The challenge of AF

Wednesday 23rd May

Helping Clinicians confront the burden of Cardiac Arrhythmias and Stroke Prevention


The global burden of cardiac arrhythmias is huge. Patients with Atrial Fibrillation (AF) face an increased risk of stroke, dementia, heart failure and death. AF (or AFib) is the most common arrhythmia encountered in clinical practice and is a global epidemic with an estimated worldwide prevalence in 2010 of almost 34 million people. The condition is expected to more than double over the next 35 years, which underscores the huge burden of AF and the need for newer, more effective ways of improving its detection and treatment.
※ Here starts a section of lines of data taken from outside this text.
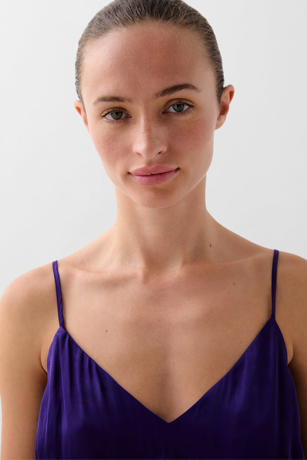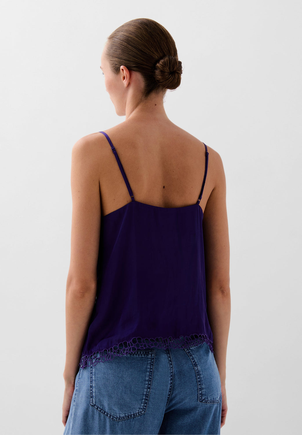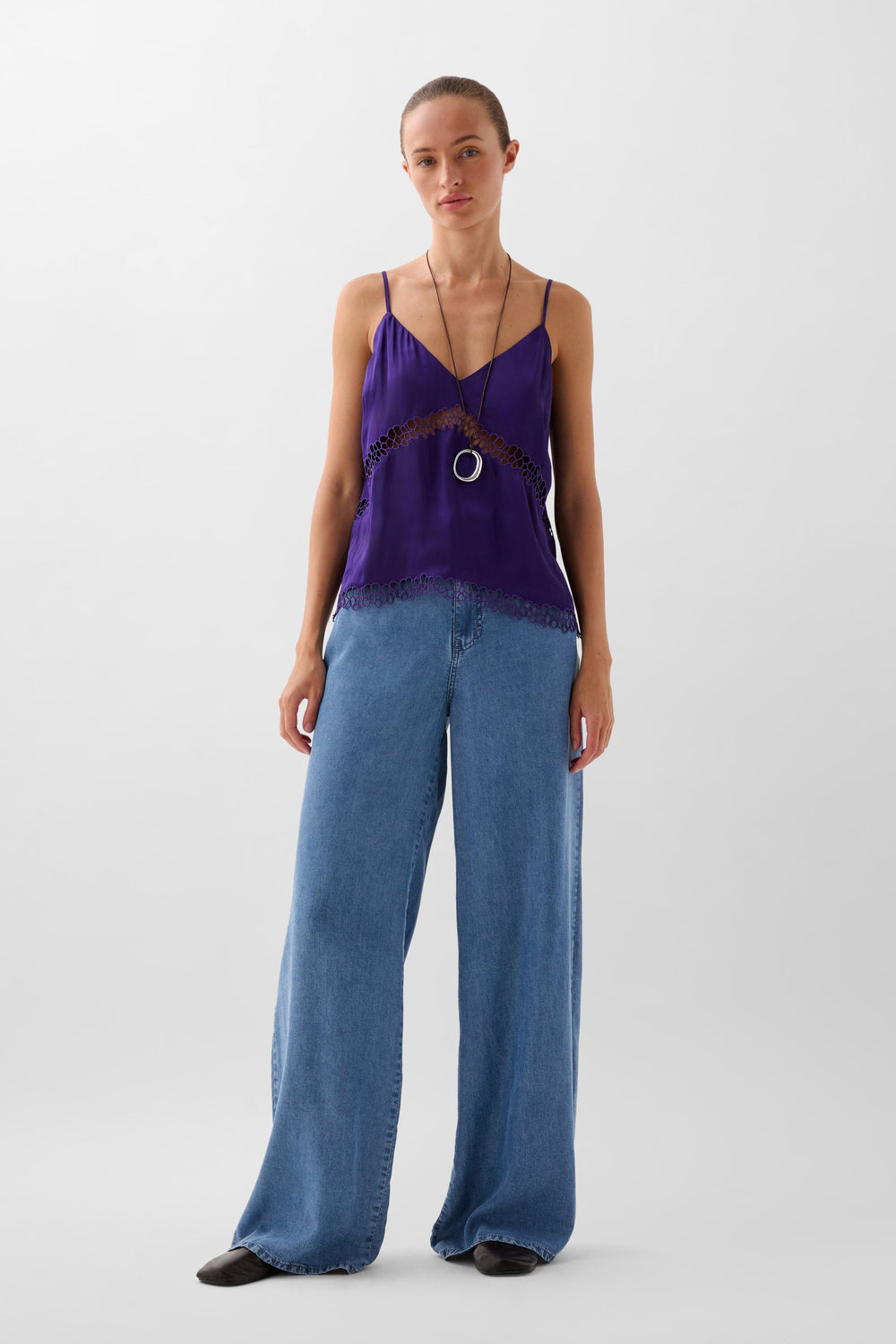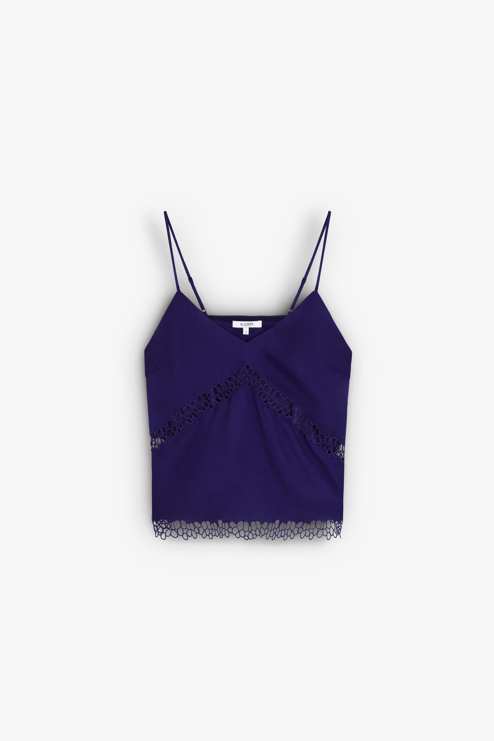 Top de tirantes fluidos. Cuello en pico. Detalle de bordados en escote y cintura.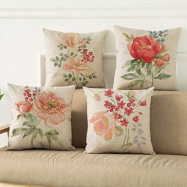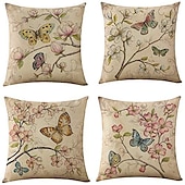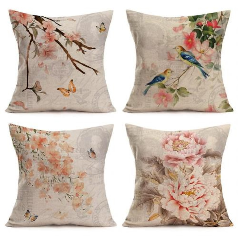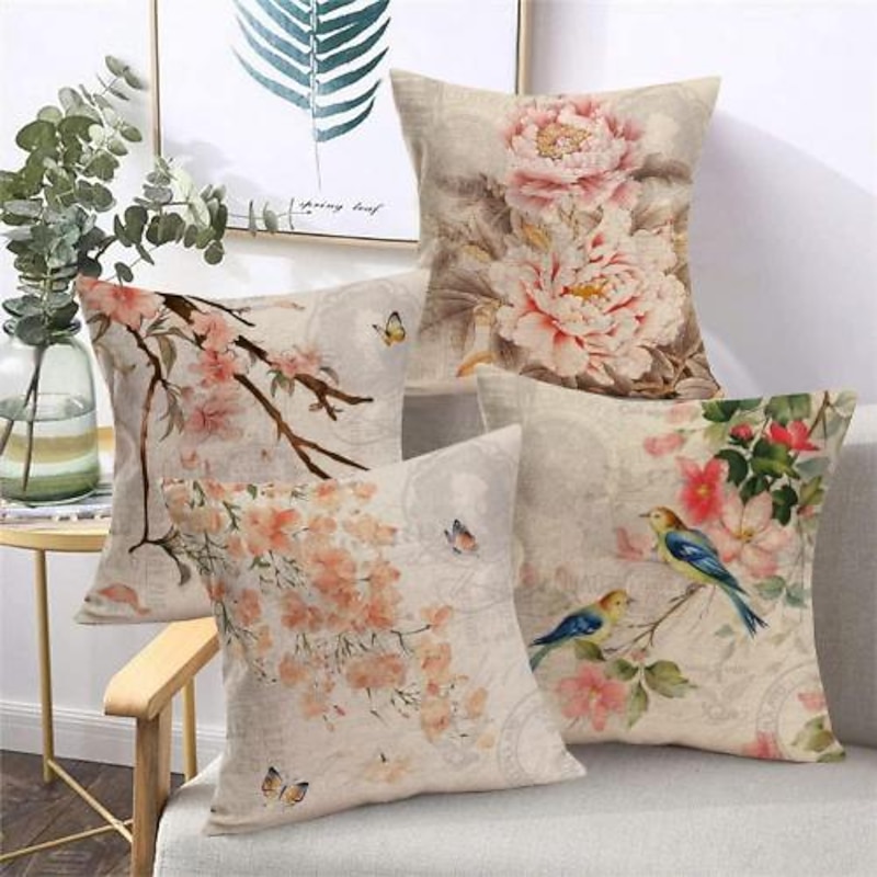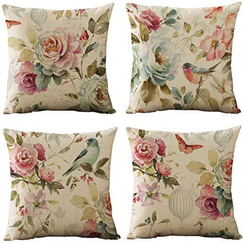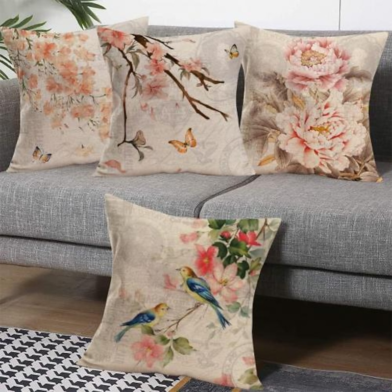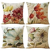Vintage Floral Double Side Pillow Cover 4PC Soft Decorative Square Cushion Case Pillowcase for Bedroom Livingroom Sofa Couch Chair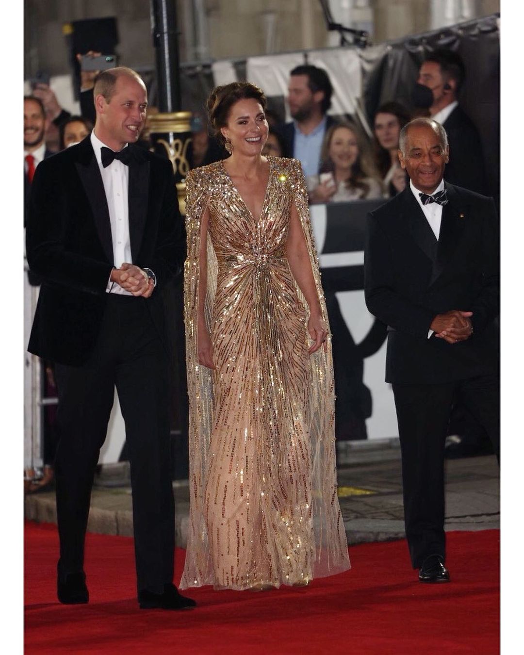 غیر ملکی میڈیا رپورٹس کے مطابق کیٹ مڈلٹن کے فلم ’جیمز بانڈ ‘ کے پریمیئر میں گولڈن رنگ کے بھڑکیلے لباس میں شرکت کرنا ایک موضوع بحث بنا ہوا ہے۔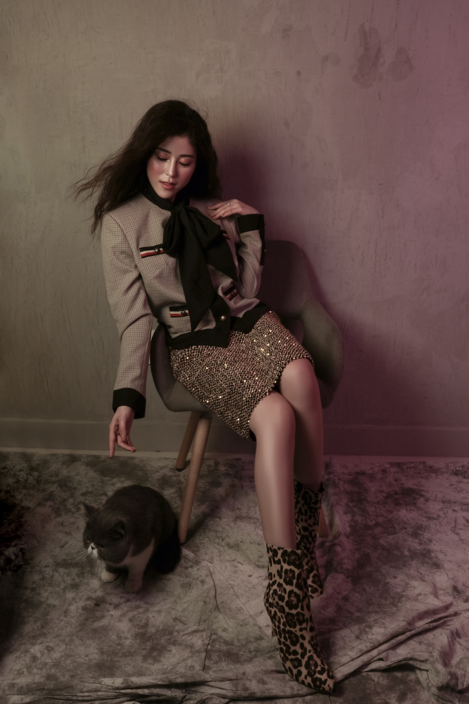 Ngọc Anh khéo léo lựa chon áo khoác phối với chân váy sequin ánh vàng rực cùng đôi boots da beo thời thượng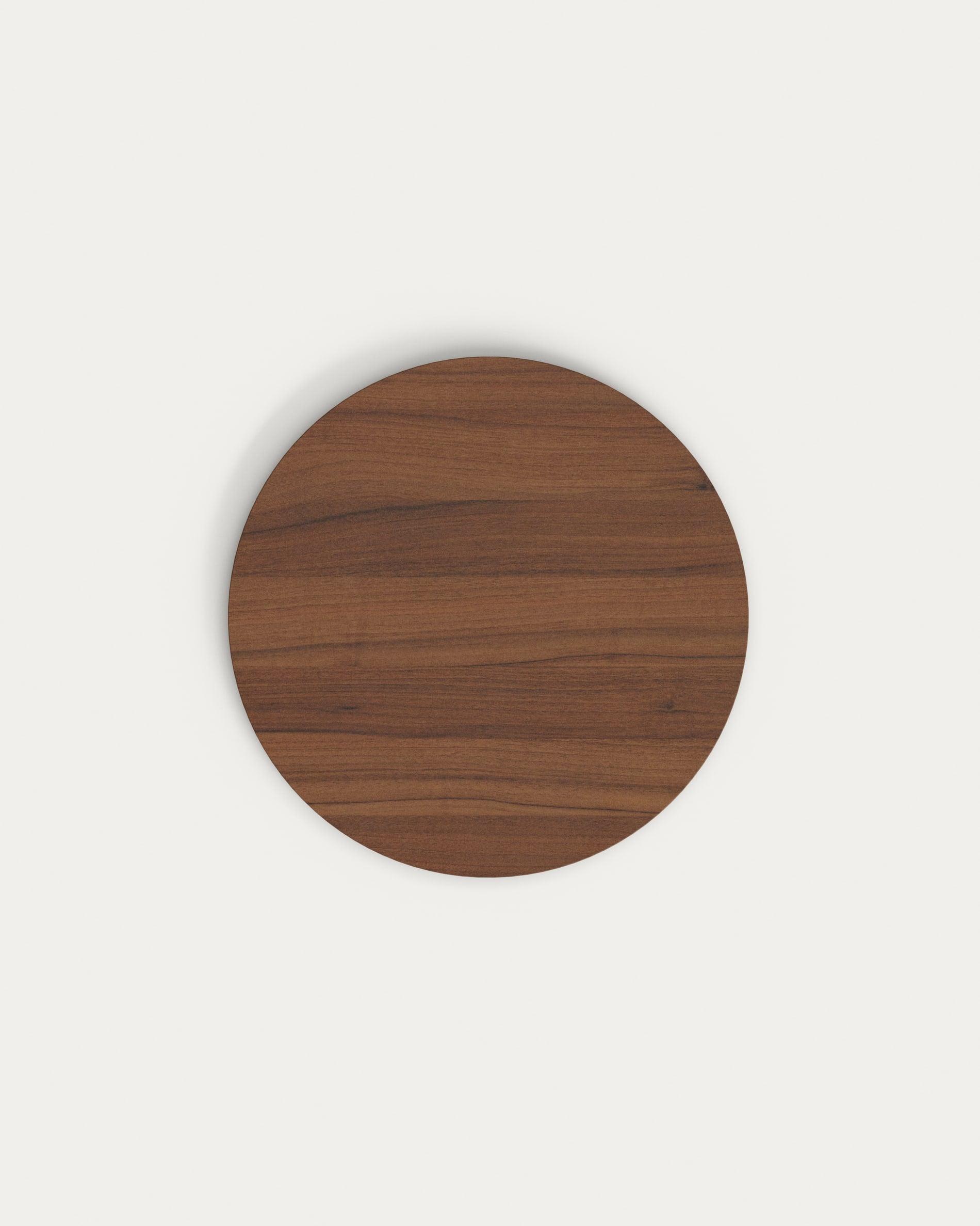 The combination of a nut top finish with a black metal base gives a Dina table a stylish look that suits both modern and classic interiors, adding a unique character to them.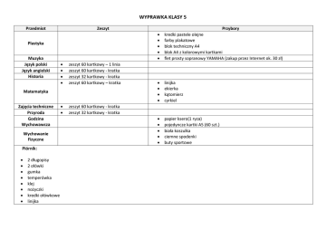WYPRAWKA KLASY 5 Przedmiot Zeszyt Plastyka Muzyka Język polski Język angielski Historia zeszyt 60 kartkowy – 1 linia zeszyt 60 kartkowy - kratka zeszyt 32 kartkowy - kratka zeszyt 60 kartkowy – kratka zeszyt 60 kartkowy - kratka zeszyt 32 kartkowy - kratka Matematyka Zajęcia techniczne Przyroda Godzina Wychowawcza Wychowanie Fizyczne Piórnik: 2 długopisy 2 ołówki gumka temperówka klej nożyczki kredki ołówkowe linijka Przybory kredki pastele olejne farby plakatowe blok techniczny A4 blok A4 z kolorowymi kartkami flet prosty sopranowy YAMAHA (zakup przez Internet ok. 30 zł) linijka ekierka kątomierz cyrkiel papier ksero(1 ryza) pojedyncze kartki A5 (60 szt.) biała koszulka ciemne spodenki buty sportowe

Many patients affected by AF are asymptomatic or experience brief episodes that could be wrongly attributed to other conditions. Individuals with AF that are undiagnosed or go untreated may be at increased risk for stroke and overall mortality. Holter monitors that typically monitor patients for 24-48 hours run the risk of not capturing AF in a significant proportion of your presenting patients.


Stroke is the second leading cause of disability in Europe and is the sixth leading cause worldwide. Women have a higher lifetime risk of stroke than men: about one in five women and one in six men will suffer a stroke in their lifetime. The number of stroke events in Europe is projected to rise from 1.1 million in 2000 to 1.5 million per year by 2025, largely due to the ageing population.


In the EU, it is estimated that the annual economic cost of stroke is an estimated €27 billion, with an additional €11.1 billion related to informal patient care. People with AF have a five times greater chance of having a stroke and up to 30% of all strokes result directly from AF.


Clinical evidence supporting Zensor™ device for AF diagnostic


The Zensor™ device has been used by hundreds of patients in Europe and the US to date. At Tallaght University Hospital, Dublin, Ireland, a study was undertaken to identify high risk patients with AF. The device was proven to deliver a convenient and reliable method of diagnosing AF in a high risk population. Dr Robert Kelly, Consultant Cardiologist and Dr Rónán Collins, Consultant Geriatrician and National Clinical Lead on Stroke, designed and executed a screening study to confirm the efficacy of screening patients with pre-existing associated risk factors using a number of criteria from the Wilson-Junger Criteria as set out in the WHO screening programme.